Pero es curioso, se reconocen las virtudes y logros de ecologistas que, como Suso Garzón, se oponían a barbaridades industriales y urbanísticas en terrenos de alto valor ecológico, pero quienes ejercen/ejercemos similares actitudes hoy en día son/somos tildados de falsos ecologistas, de ecologistas de salón, de ultra-proteccionistas, de ir contra el desarrollo de pueblos y ciudades… o de “ecolojeta, que eres un ecolojeta”. “¿Qué significa eso, profe?”, me preguntaban los niños y niñas que atendían a mis explicaciones sobre el valor de la biodiversidad de los parques urbanos. Esa es otra: Cómo les explicaba al alumnado que, según algunas personas, quienes defendemos estas posturas estamos a sueldo de otras personas o empresas que nos pagan por decir y hacer esto.
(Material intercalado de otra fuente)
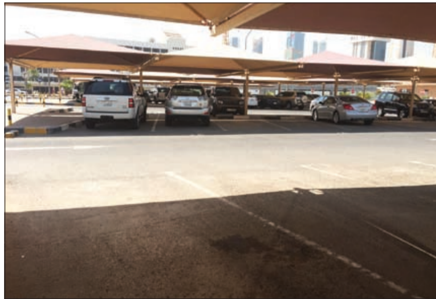
المواقف الخارجية لجمع الوزارات لم تشهد الازحامات المعتادة أمس

السبب في ذلك هو رغبة المرجعين في تجنب وقوع المعاملات المالية وإنجاز معاملاتهم قبل العيد، موضحا أن أعداد مرضيات الموظفين كانت نسبة قليلة جدا، مشيرا إلى ان الغيابات بطبيعة الحال كانت عبارة عن إجازات دورية مسبقة ولا تتعلق بالعيد.
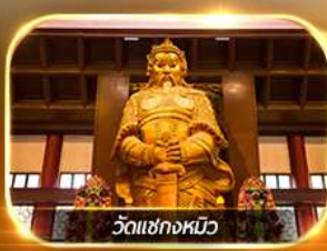
วัดเขกงหมิว
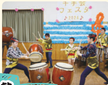
大江戸助六流 佐倉勇翔太鼓
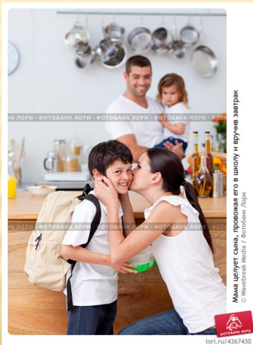
Мама целует сына, провожая его в школу и вручив завтрак
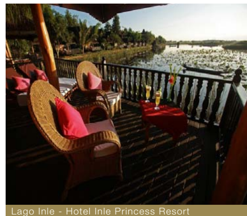
Lago Inle - Hotel Inle Princess Resort
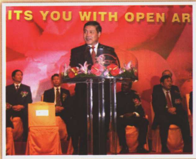
商务部副部长张志刚在第 98 届中国出口商品交易会上致词
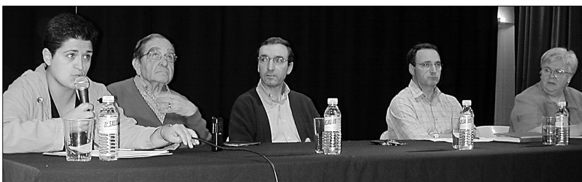
Aurkezlea eta lau Alkateak mahai inguruan, Biteri kultur etxean.
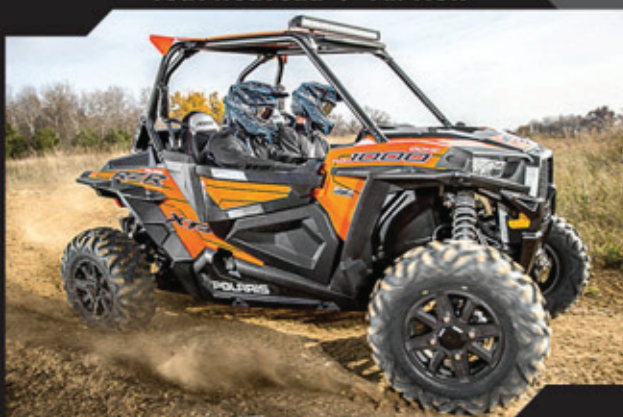
RZR XP 1000 Turbo
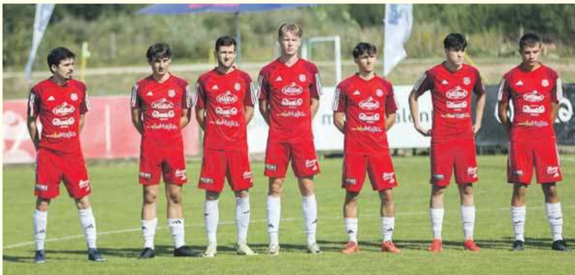
Piłkarze Watry przegrali z Orłem Ryczów 1:2.
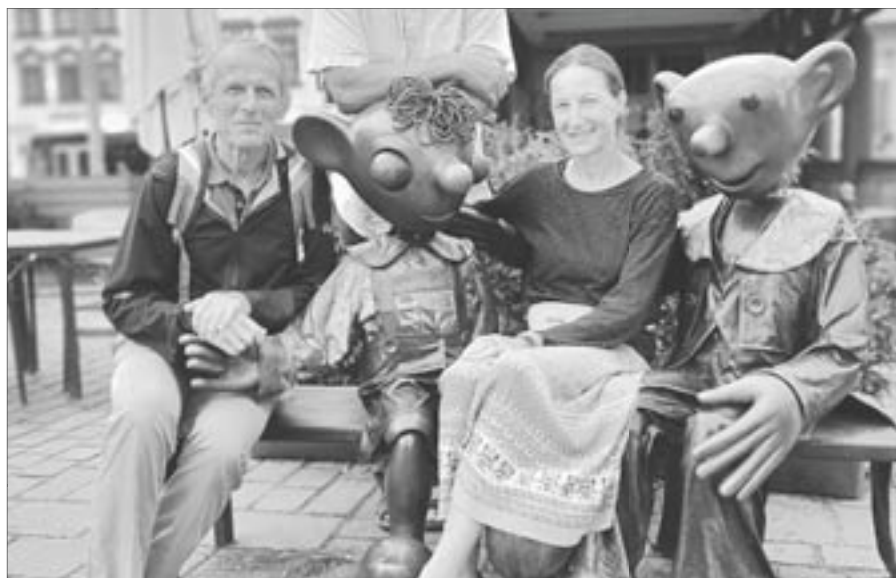
Plzeň – cyklopout'
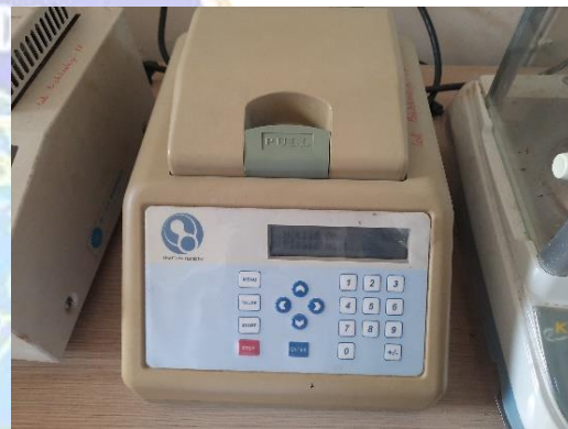
Lampiran 4. Proses Amplifikasi DNA dengan Teknik PCR
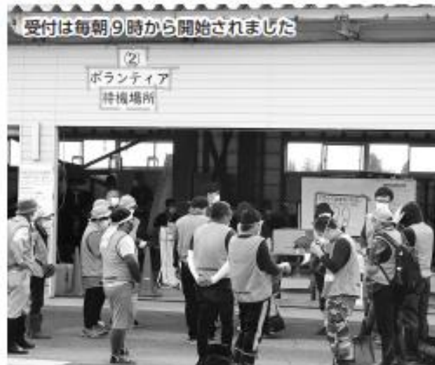
受付は毎朝9時から開始されました
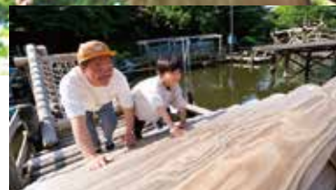
スリルと興奮がいっぱい「フィールドアスレチック(要予約)」
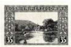
27. A naturalizmus túlhatása. Kolo Moser: bosnyák tájkép. (1906)
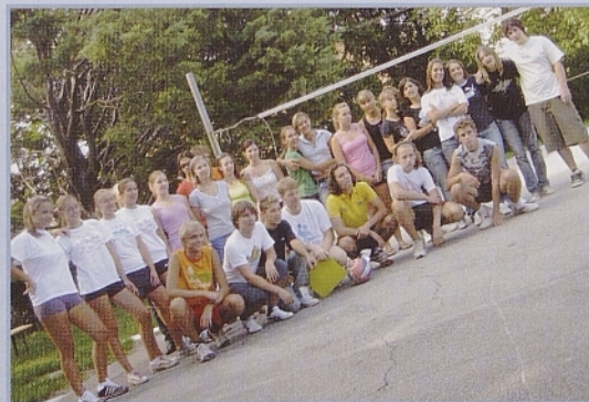
Plesna skupina »Light« na plesišču (zgoraj) in odbojarske ekipe na skupni sliki.

Publiki kar zastane dih, ko fantje iz novogoriške skupine »Go Breakers« izvajajo vrtoglave skoke, kot da bi bila to najbolj naravna stvar na svetu. Kmalu jih na plesišču zamenjajo prikupna dekleta domače plesne skupine »Light«. Tako – z glasbo, plesom in nasmejanimi obrazi – se je v poznem ponedeljkovem popoldnevu uradno začel 3. Festival mladinske ustvarjalnosti Draga mladih. Pred tem so se med splošnim smehom publike in igralcev v odbojki preizkusile štiri »improvizirane« ekipe. Izkupiček turnirja je šel v dobrodelne namene, udeleženci so namreč prispevali po evro za Misijonski krožek društva Rojanski Marijin
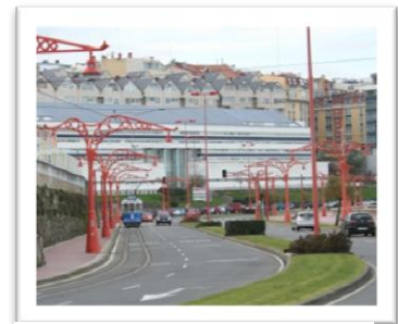
Spårvagnen går längs hela strandpromenaden.

Första tiden i La Coruña ägnade vi åt att lära känna staden. Per cykel och till fots korsade vi stan på längden och tvären. Vi cyklade på varenda gata i centrum, tittade in i alla järnaffärer, letade efter tygaffär och besökte den enda båt butiken. Vi letade efter bra matvarubutiker, närmaste bageri, besökte de köpcentrum som fanns, tog en tur till IKEA och letade efter en favoritrestaurang. När vi hade lärt känna staden så började vi beta av vår ”att göra lista”.
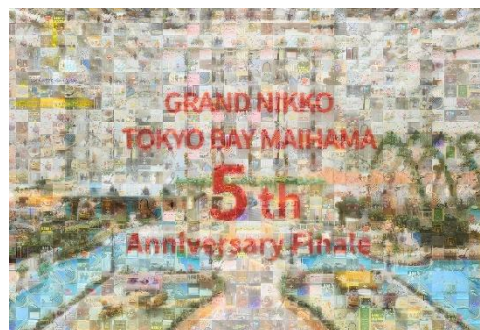
5th Anniversary モザイクアートパネル
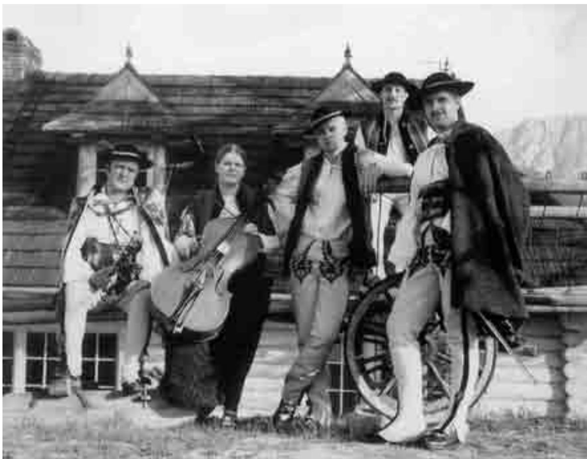
Trebuie-Tutki, folk polonais, le samedi 6 octobre à 20h au Sang & Klang à Luxembourg- Pfaffenthal.
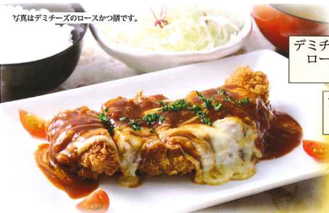
デミチーズの ロースかつ膳 1,250円(8%税込)
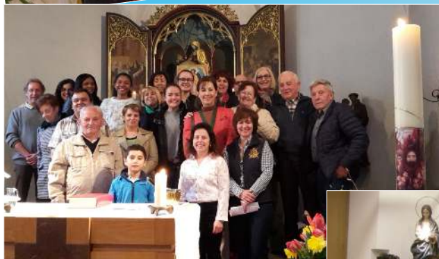
Pascua de Resurrección (Niederhasli)
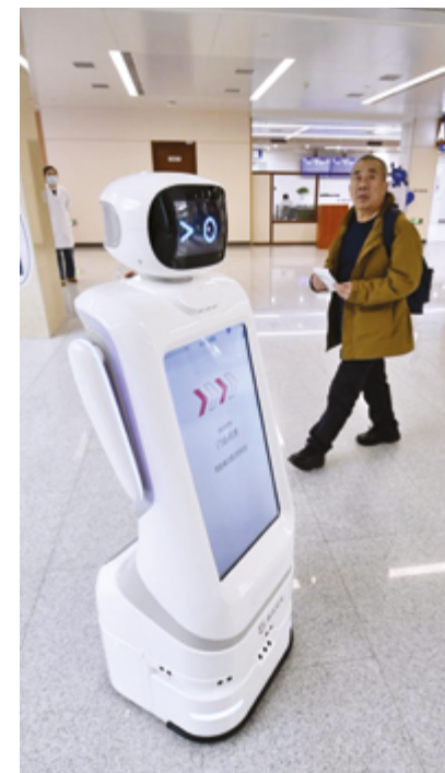
Развитие инноваций в Китае привело к повышению уровня жизни людей в стране

лено «новым качественным производственным силам», а также научному прогрессу, модернизации промышленности и долгосрочному развитию. Он подчеркнул, что план отражает точку зрения, согласно которой долго-
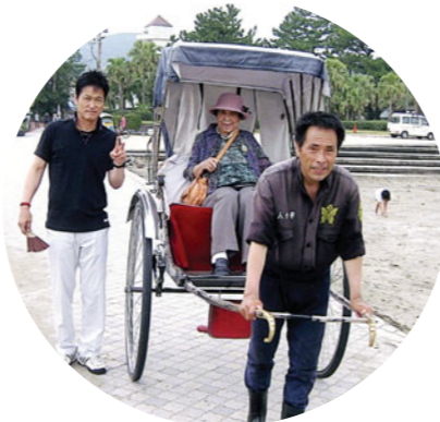
人力車の乗り心地
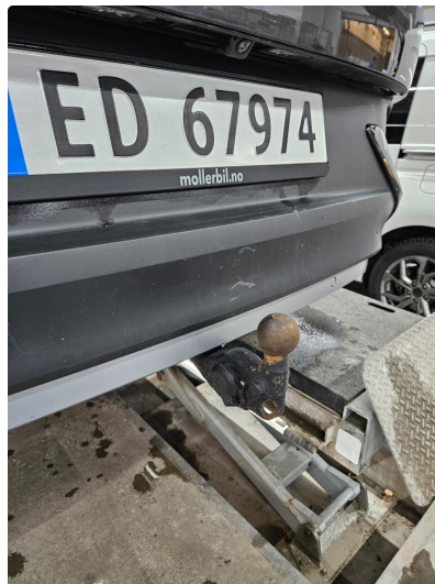
1.3 Noen riper nede på plast-bakfanger
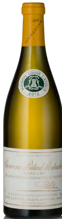
BIENVENUES-BÂTARD-MONTRACHET Grand Cru

Vitigno: Chardonnay 100% Tipo di vino: bianco fermo Vinificazione e affinamento: fermentazione fûts (228 lt) - malolattica 100% - affinamento fûts nuovi 100% per 10 mesi
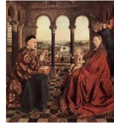
Jan VAN EYCK
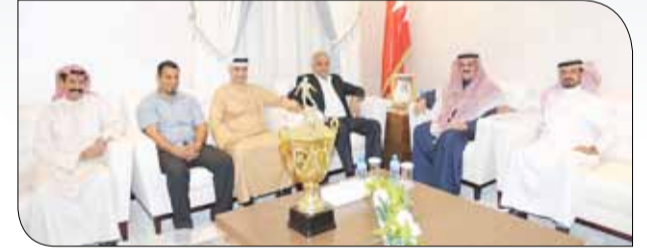
جانب من الاستقبال

استقبل رئيس مجلس النواب أحمد الملا اللجنة المنظمة لبطولة مجلسي الشورى والنواب الحادية عشرة لكرة القدم للعهدة والولاء للوطن 2017، والتي تنظمها وتشرف عليها مفروشات أحمد شريف، وأشاد بالجهود الكبيرة التي يبذلها أعضاء اللجنة من أجل تطوير البطولة عاماً بعد عام، وهو ما أدى لاستمرارها للنسخة الحادية عشرة على التوالي، جاء ذلك بحضور النائب البرلماني إبراهيم الحمادي رئيس لجنة الشباب والرياضة بمجلس النواب.
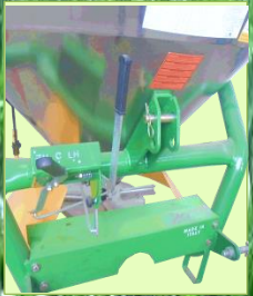
คันโยกปรับปุ๋ยและทิศทางการหว่าน
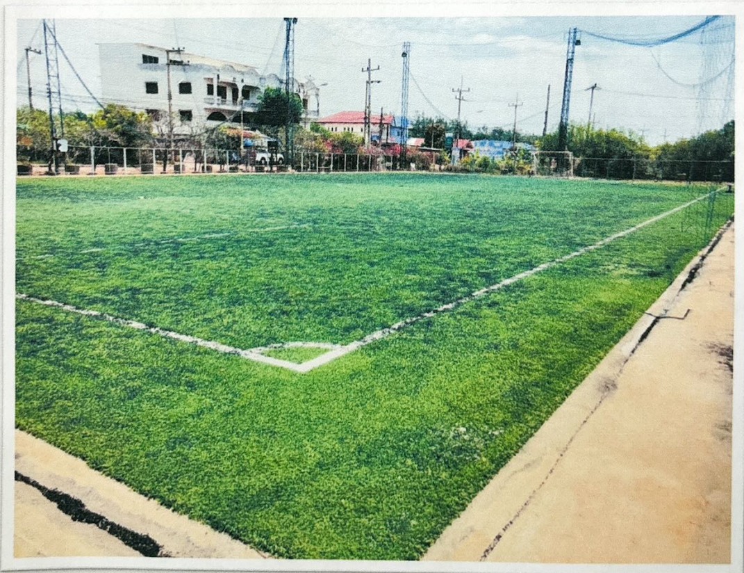
สนามฟุตบอลหญ้าเทียม หมู่ที่ ๔
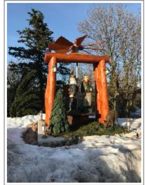
Pyramide Zinnwald Georgenfeld
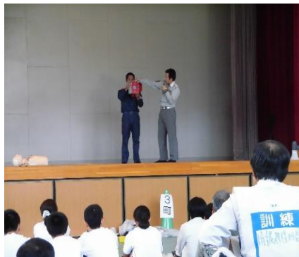
《消防署職員のAED講習》
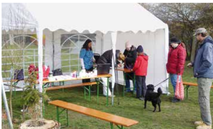
Na psí louce dorazila mobilní veterinární ordinace.
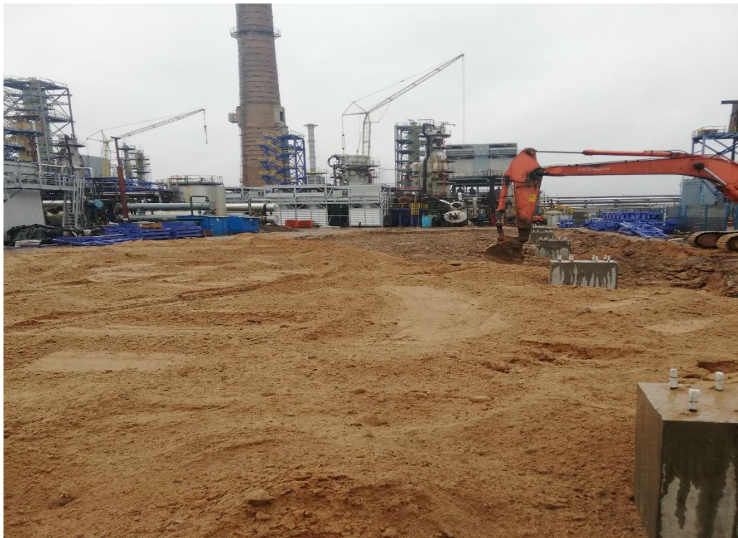
Реконструкция ОАО «НАФТАН»
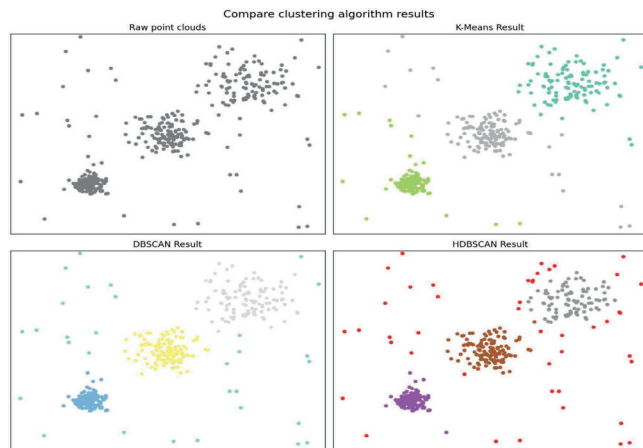
그림 3 클러스터링 결과 비교 시각화

그림 3은 전처리된 포인트 클라우드에 대해 세 가지 클러스터링 알고리즘을 적용한 결과를 비교한 것이다. 각 그래프는 다음과 같은 특징을 보인다.
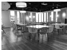
マッサージチェア付きのカフェテリア (休憩室)

女性の管理職候補者を育成するためのプログラム、FTP (Female Talent Program) を通して、女性の人材育成に取り組んでいる。
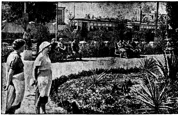
Один из уголков сквера

Рабочие и служащие текстильного комбината в г. Кировабаде (Азербайджанская ССР) оборудовали замечательный сквер.

Yo, personalmente, debería estar forrado en los últimos tiempos, porque llevo dos años implicado en la defensa del único parque que tenemos en el barrio de Vista Alegre, perteneciente al distrito madrileño de Carabanchel. En los dos últimos meses, por cuestiones personales, me he bajado del carro del activismo directo. Ya me perdonarán mis admirados compis de la plataforma Salvemos Eugenia de Montijo, que siguen en pie, contra viento y marea, defendiendo este parque consolidado que lleva el nombre de la emperatriz francesa cuya familia habitó en un palacio ubicado por estos lares. Una carretera por medio del parque y la tala de 600 árboles forman parte de la tropelía, consecuencia del desarrollo urbanístico en los terrenos de la antigua cárcel de Carabanchel.
Sí, papá, es el parque que nos vio crecer y que ha visto crecer también a tu querida nieta y tu querido nieto. Donde nos llevabas los domingos por la tarde, cuando todavía era principalmente un descampado, a pasear de muy bebitos y luego a jugar al balón, mientras tú escuchabas los partidos de fútbol en la radio y mamá, en casa, no paraba de hacer las labores del hogar. Cierto, ella nos acompañaba alguna vez en estos paseos; y, cierto, todavía no era parque como tal, que lo fue a partir de 1980.
Papá, voy a seguir ejerciendo mi labor como periodista como yo la entiendo, con rigurosidad, con fuentes contrastadas, dando voz a quien denuncia y a quien se defiende de la denuncia. Siempre he pensado que en una nota de prensa comienza la noticia, no acaba, sea de una empresa, de una administración o de una ONG. También voy a seguir defendiendo nuestro parque Eugenia de Montijo, y el de Comillas, y el de Arganzuela, y cualquier zona verde urbana o espacio natural de valor para la biodiversidad, incluidas las personas. Voy a seguir defendiendo un mundo más justo y solidario, donde quien más tiene y puede no aplaste al que menos tiene y puede, como la naturaleza.
La naturaleza es la que más tiene y aporta –suelo fértil, agua, biodiversidad, aire limpio, salud…–, pero la que menos puede defenderse. Por eso estamos aquí los ecologistas, para defenderla. Sí, papá, tu hijo también. De entrada pido que firmemos como primera acción de muchas esta petición de apoyo a Greenpeace USA contra la demanda de Energy Transfer, y secundar el grito de Eva Saldaña, directora ejecutiva de Greenpeace España y Portugal: “No nos callarán. ¡We will not be silenced!”. Y de salida, y para siempre, decirte que me puedes presentar cuando quieras y te venga en gana como: “Mi hijo mayor, el ecologista”.